我们在Pycharm中按住win点击get,会来到get方法的源码:
def get(url, params=None, **kwargs):
r"""Sends a GET request.
:param url: URL for the new :class:`Request` object.
:param params: (optional) Dictionary, list of tuples or bytes to send
in the body of the :class:`Request`.
:param \*\*kwargs: Optional arguments that ``request`` takes.
:return: :class:`Response <Response>` object
:rtype: requests.Response
"""
kwargs.setdefault('allow_redirects', True)
return request('get', url, params=params, **kwargs)
发现调用了request方法,继续往下看
def request(method, url, **kwargs):
"""Constructs and sends a :class:`Request <Request>`.
:param method: method for the new :class:`Request` object.
:param url: URL for the new :class:`Request` object.
:param params: (optional) Dictionary, list of tuples or bytes to send
in the body of the :class:`Request`.
:param data: (optional) Dictionary, list of tuples, bytes, or file-like
object to send in the body of the :class:`Request`.
:param json: (optional) A JSON serializable Python object to send in the body of the :class:`Request`.
:param headers: (optional) Dictionary of HTTP Headers to send with the :class:`Request`.
:param cookies: (optional) Dict or CookieJar object to send with the :class:`Request`.
:param files: (optional) Dictionary of ``'name': file-like-objects`` (or ``{'name': file-tuple}``) for multipart encoding upload.

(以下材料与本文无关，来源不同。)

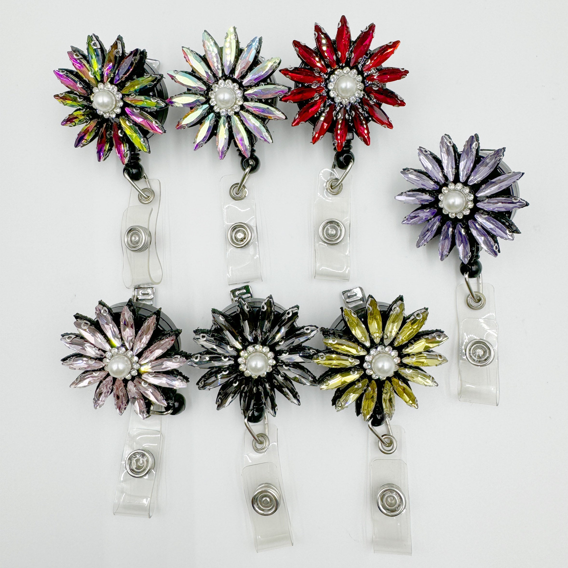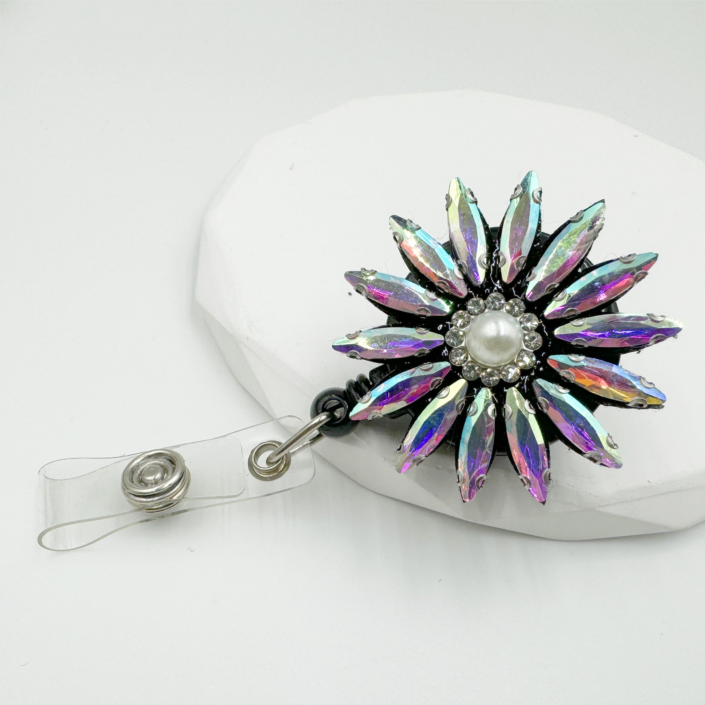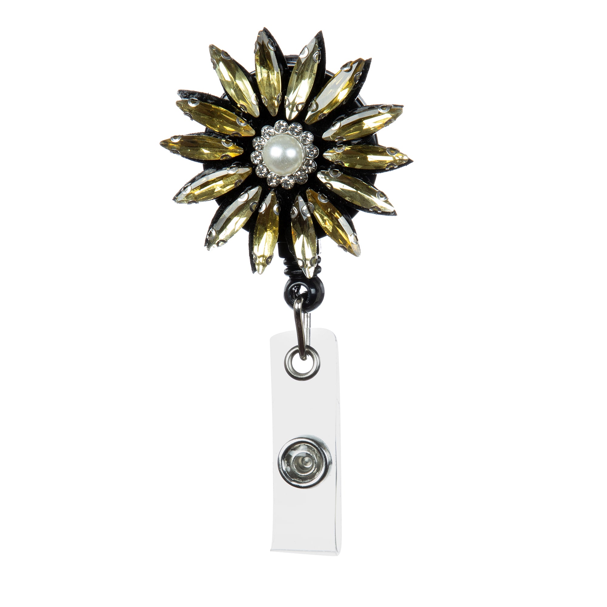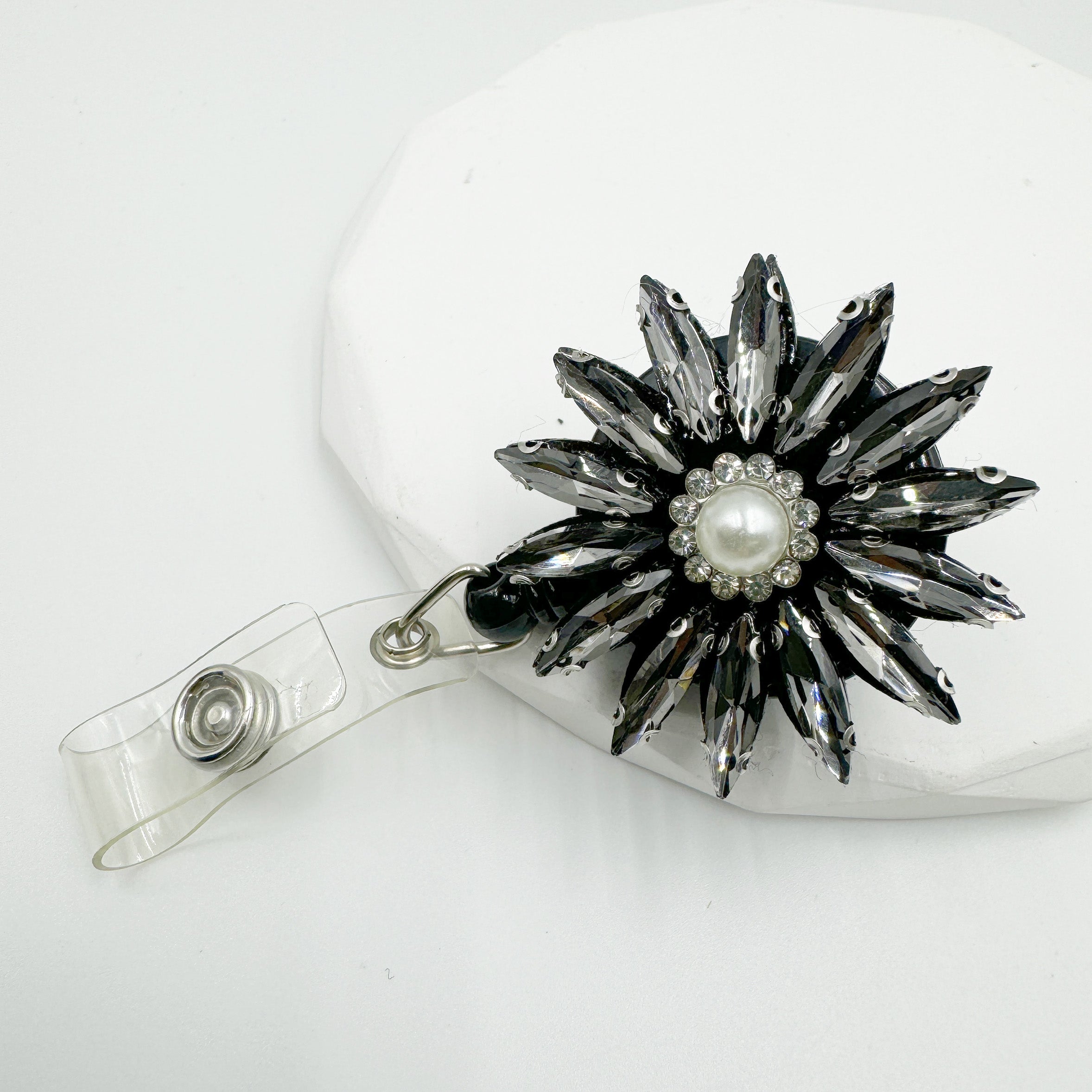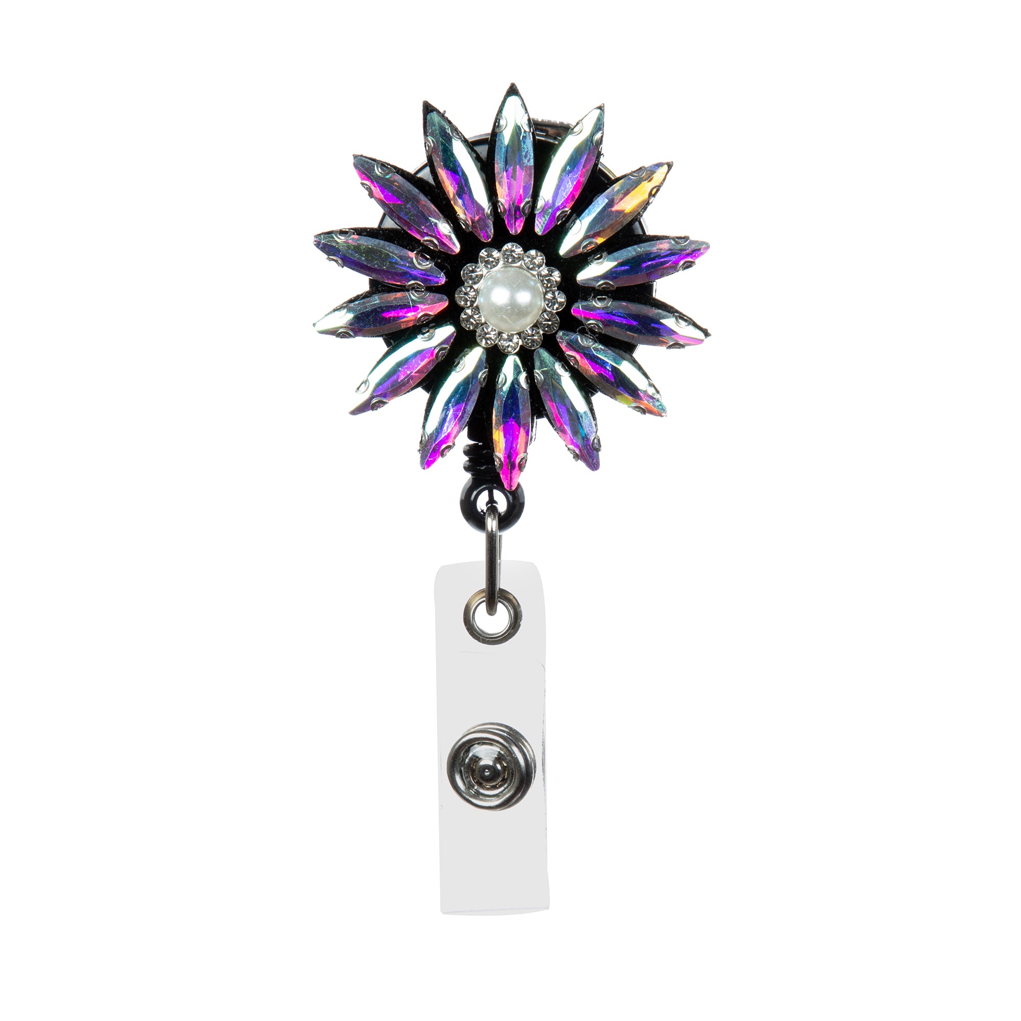 Hebilla porta credencial con diamantes de imitación y flores MIS1007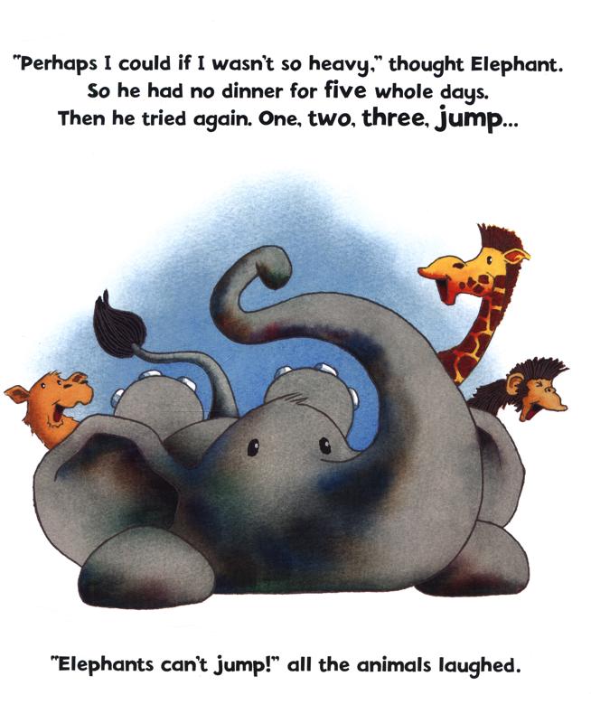 When the other baby animals laugh at Elephant for not being able to jump, he sets out to prove them wrong. But hard as he tries, he just can't jump. Then he realises that he is able to do something that no other animal can - his strong, long trunk can make him a hero.

``file-tuple`` can be a 2-tuple ``('filename', fileobj)``, 3-tuple ``('filename', fileobj, 'content_type')``
or a 4-tuple ``('filename', fileobj, 'content_type', custom_headers)``, where ``'content-type'`` is a string
defining the content type of the given file and ``custom_headers`` a dict-like object containing additional headers
to add for the file.
:param auth: (optional) Auth tuple to enable Basic/Digest/Custom HTTP Auth.
:param timeout: (optional) How many seconds to wait for the server to send data
before giving up, as a float, or a :ref:`(connect timeout, read
timeout) <timeouts>` tuple.
:type timeout: float or tuple
:param allow_redirects: (optional) Boolean. Enable/disable GET/OPTIONS/POST/PUT/PATCH/DELETE/HEAD redirection. Defaults to ``True``.
:type allow_redirects: bool
:param proxies: (optional) Dictionary mapping protocol to the URL of the proxy.
:param verify: (optional) Either a boolean, in which case it controls whether we verify
the server's TLS certificate, or a string, in which case it must be a path
to a CA bundle to use. Defaults to ``True``.
:param stream: (optional) if ``False``, the response content will be immediately downloaded.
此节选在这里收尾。